Mr. Claybury stood up, looking at Ayna in a puzzled way. “You meant that, didn’t you?” he said. For a moment, Ayna could have sworn he was connecting her with the little man in his story. But he said nothing else, and followed Aunt Mary to the room with the varnished statues.
They were perplexed to find that this was not holy after all—unless coffee was a special drink, like the Sun-wine you had at Feasts. If it was, Ceri did not care for it at all. The taste made him shudder. He felt more tired than ever and longed for this Giant gathering to be over, so that he could go to bed. But he was fairly sure no one would stop until they had asked Mr. Claybury not to make the Moor into a lake. And no one had so much as mentioned it yet.

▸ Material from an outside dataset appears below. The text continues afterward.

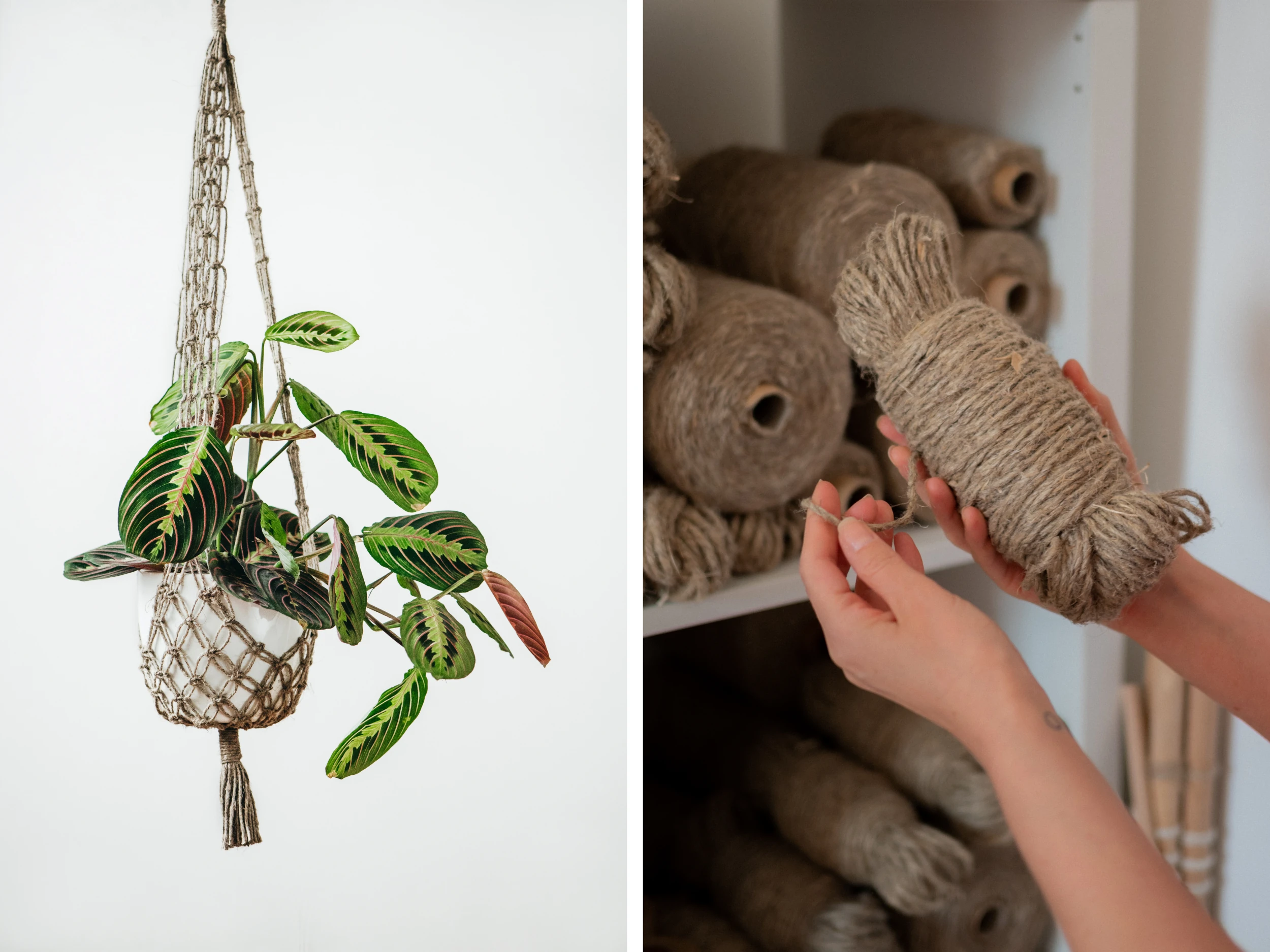 „A kenderfonal, amit használok teljes mértékben magyar alapanyag, itthon termesztik és dolgozzák fel. Szeretem a kenderfonal változékonyságát, hogy hol vastagabb, hol vékonyabb, ettől lesz egy ebből készített makramé egyedi. A fonál használat közben sokat változik. Kezdetben durvább matéria, picit szöszöl, de ahogy elkezdünk dolgozni vele szépen megpuhul. Ráadásul a kenderfonal útja is csodálatos. Tudom, hogy honnan érkezik, nálam megmunkálásra kerül, de a workshopokon is van, hogy ezzel dolgozunk, majd a lehulló szálakat, amiket már nem tudok tovább felhasználni, eljuttatom oda, ahol még tudják. Volt, hogy micélium növesztéséhez adtam tovább, vagy egy keramikus barátnőm kísérletezett vele, és égette bele a kerámiákba” - mesélte Anikó, aki akár komposztálhatná is a megmaradt kenderszálakat, mivel teljesen természetes, lebomló anyaggal dolgozik.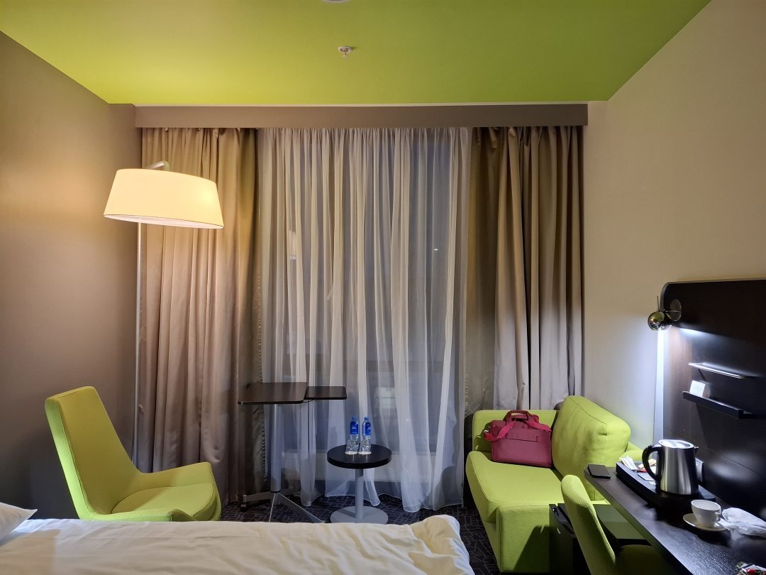Понравилось, что номер очень комфортен в качестве места для сна и тихой работы. Понравился раздвижной прикроватный столик, на который удобно одновременно и чай-кофе, и ноут. Понравилось что есть кресла, кулер на этаже, чай-кофе в номере, и возможность поесть-выпить чуть не круглосуточно. (Ещё бы были халаты - вообще бы супер). Находится буквально сразу через дорогу от выхода из аэропорта, рядом с этим выходом круглосуточный "перекресток". Идеально комфортный, самое то для расслабиться с дороги. Понравилось, что в гостинице можно оставить вещи - нам было удобно, приехав ночью и переночевав, к концу дня туда же вернуться за вещами и сразу на самолёт. Освещение комфортное, регулируется.

Ceri thought this was ridiculous. Mr. Claybury must know why he had been invited. And, in his experience, you got a thing quicker if you asked for it straight out. “Mr. Claybury,” he piped up, “we don’t want you to flood the Moor. You can’t. You really mustn’t.”
Ceri could tell from the reactions of the Giants and Ayna that they had wanted to lead up to this gradually. Mr. Masterfield hastily said something about “our young guest’s unilateral enthusiasm,” which Ceri saw meant Mr. Claybury should take no notice of him. But a slow, Giant shrewdness, mixed with amusement, was spreading on Mr. Claybury’s face.
“I’m glad the nipper spoke up, Jerry,” he said. “I’m not sorry for a chance to make myself clear. My position’s going to be exactly the same, whether we talk all night first or not. May I explain?”
“Go ahead,” Mr. Masterfield said grudgingly. Behind him, Brenda gently put down the coffeepot and sat down to listen.
“Now,” said Mr. Claybury, “what you’re all wanting to say to me in various ways is: Don’t make this Moor into a reservoir because people live here. Right?”
“But people do!” Ceri said urgently. “Lots more than you think.”
“Ah yes,” said Mr. Claybury, but he was not really attending, because he was now making a speech, which was as much of a set-piece to him as his story had been. “But pause for a moment to consider the number of people who don’t live here. There are over fifty million of them.” Ceri and Gair exchanged shaken looks. Never had they imagined there could be so many Giants. More than the stars in the sky! “And this number increases every year,” Mr. Claybury continued, “until it has got to the point when the ordinary rivers and lakes simply do not contain enough water for them all. If you reckon that the smallest amount each person uses every day for drinking, washing, cooking and so on, is ten gallons—and the actual figure is a good deal higher than that—you will see that it is an awful lot of water. And it has to come from somewhere. So my office had to start looking for somewhere, not too far from London, where we could store some millions of gallons of water. We needed somewhere that could easily be made into a lake—and the Moor can be, because of the ring of hills round it—and where fewer people live than average. We went over Southern England with a fine-toothed comb, and the Moor was the only place that will do.”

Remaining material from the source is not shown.